--- PROBLEM TO WORK ON ---
Copy all data exactly. Skip pictures.

--- STORED DATA ---
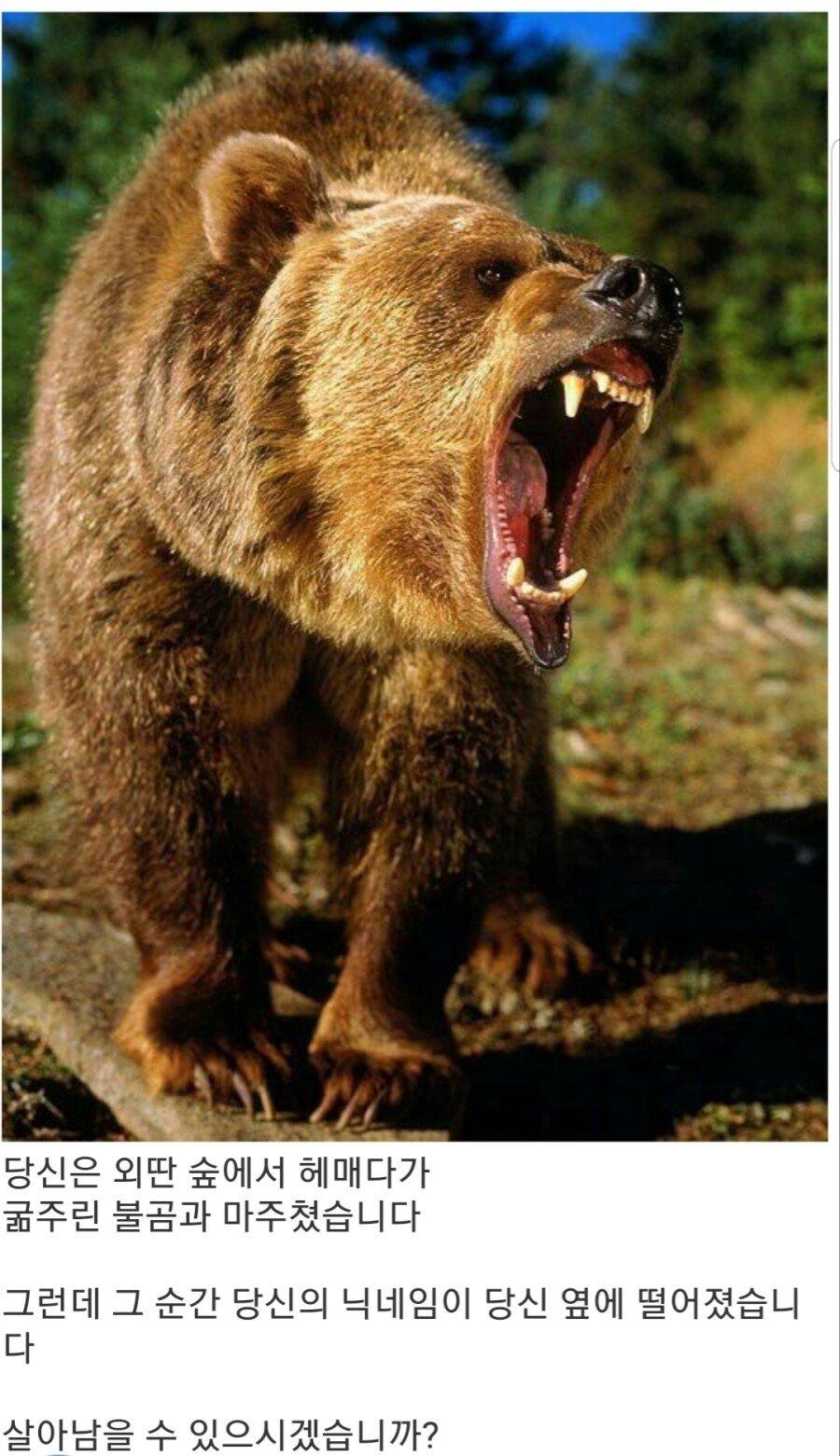 | Subject | 당신은 숲에서 굶주린 곰과 마주쳤습니다 |
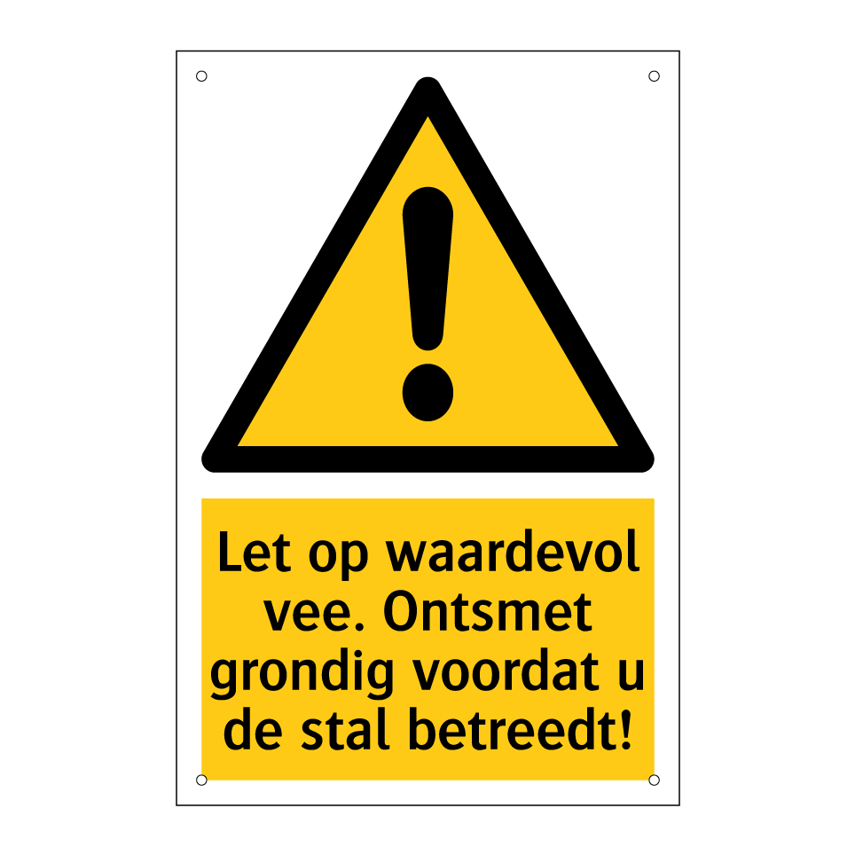Waarschuwingsbord met de tekst Let op waardevol vee. Ontsmet grondig voordat u de stal betreedt!
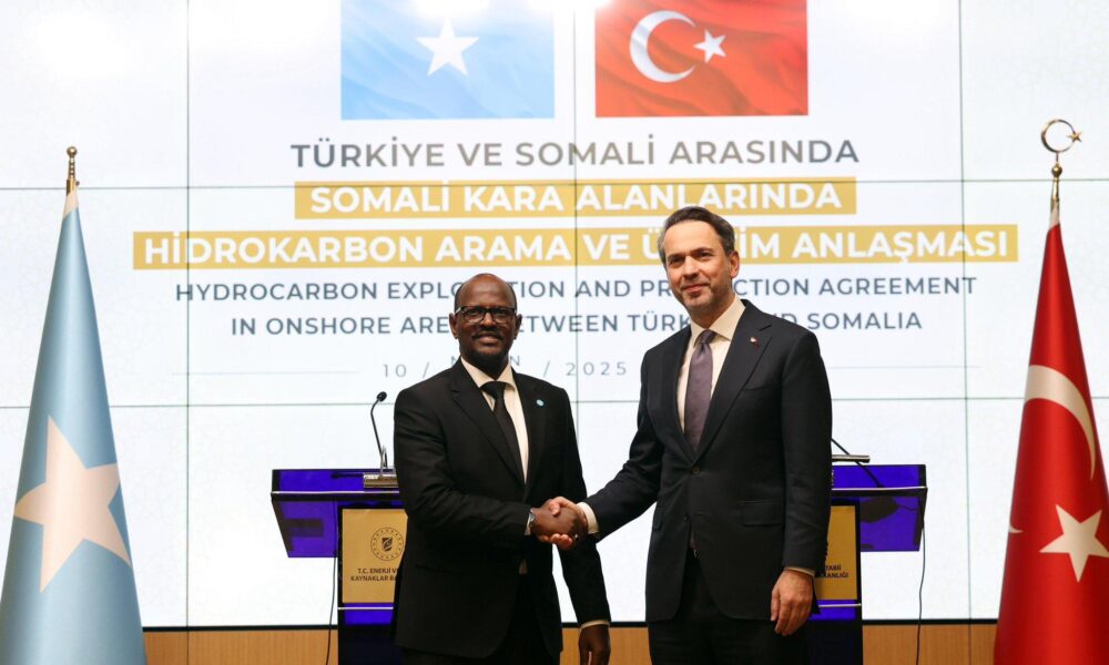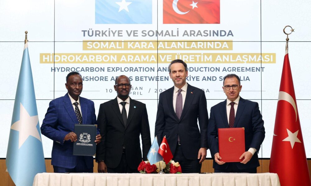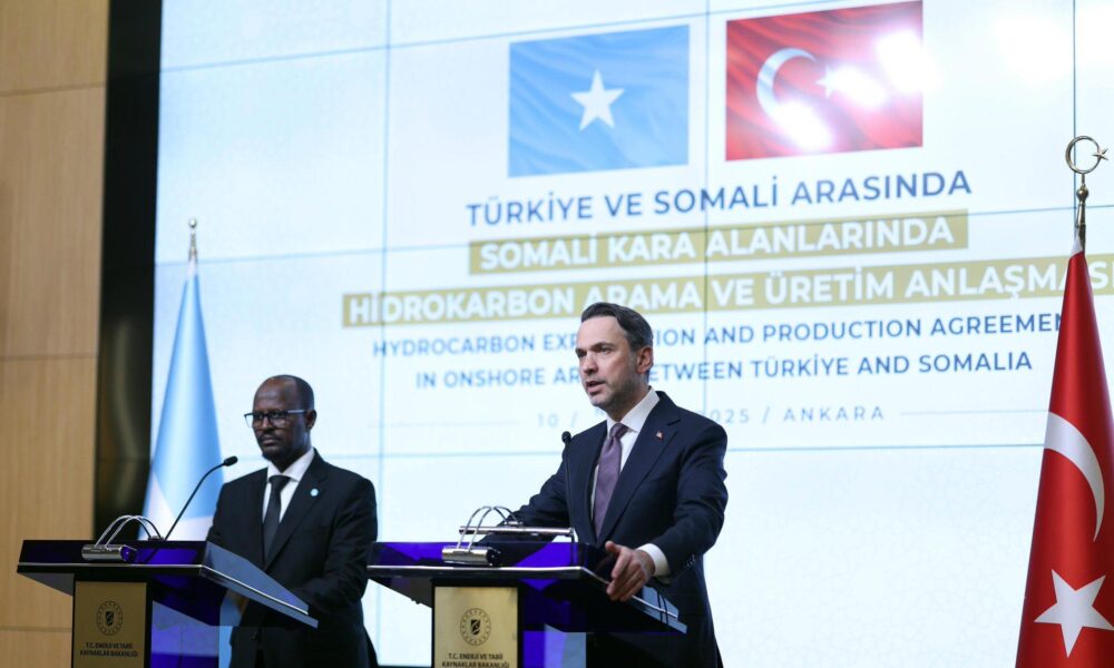 Enerji ve Tabii Kaynaklar Bakanı Alparslan Bayraktar, Somali Petrol ve Maden Kaynakları Bakanı Dahir Shire Mohamed ile bakanlıkta, Türkiye ve Somali Arasında Somali Kara Alanlarında Hidrokarbon Arama ve Üretim Anlaşması İmza Törenine katıldı. Bakan Bayraktar, Somali ve Türkiye arasında 7 Mart 2024te petrol ve doğal gaz alanında iş birliği anlaşması imzalandığını belirterek, “Bu anlaşma kapsamında milli petrol şirketimiz Türkiye Petrolleri, Somali hükümetiyle beraber özellikle Somalinin offshore (açık deniz) sahalarında proje geliştirmek, oradaki petrol kaynaklarının aranması için 24 Temmuz 2024 tarihinde bir üretim anlaşması, üretim paylaşım anlaşması imzaladık. Üç offshore sahasında imzalanan bu anlaşma kapsamında da yine çok kısa bir süre içerisinde, geçtiğimiz yıl ekim ayında biz Oruç Reis sismik gemisini Somaliye gönderdik. Oruç Reis sismik gemimiz, oradaki faaliyetlerine halen devam ediyor” dedi.

--- TASK OUTPUT ---
 | Subject | 당신은 숲에서 굶주린 곰과 마주쳤습니다 |
Waarschuwingsbord met de tekst Let op waardevol vee. Ontsmet grondig voordat u de stal betreedt!
 Enerji ve Tabii Kaynaklar Bakanı Alparslan Bayraktar, Somali Petrol ve Maden Kaynakları Bakanı Dahir Shire Mohamed ile bakanlıkta, Türkiye ve Somali Arasında Somali Kara Alanlarında Hidrokarbon Arama ve Üretim Anlaşması İmza Törenine katıldı. Bakan Bayraktar, Somali ve Türkiye arasında 7 Mart 2024te petrol ve doğal gaz alanında iş birliği anlaşması imzalandığını belirterek, “Bu anlaşma kapsamında milli petrol şirketimiz Türkiye Petrolleri, Somali hükümetiyle beraber özellikle Somalinin offshore (açık deniz) sahalarında proje geliştirmek, oradaki petrol kaynaklarının aranması için 24 Temmuz 2024 tarihinde bir üretim anlaşması, üretim paylaşım anlaşması imzaladık. Üç offshore sahasında imzalanan bu anlaşma kapsamında da yine çok kısa bir süre içerisinde, geçtiğimiz yıl ekim ayında biz Oruç Reis sismik gemisini Somaliye gönderdik. Oruç Reis sismik gemimiz, oradaki faaliyetlerine halen devam ediyor” dedi.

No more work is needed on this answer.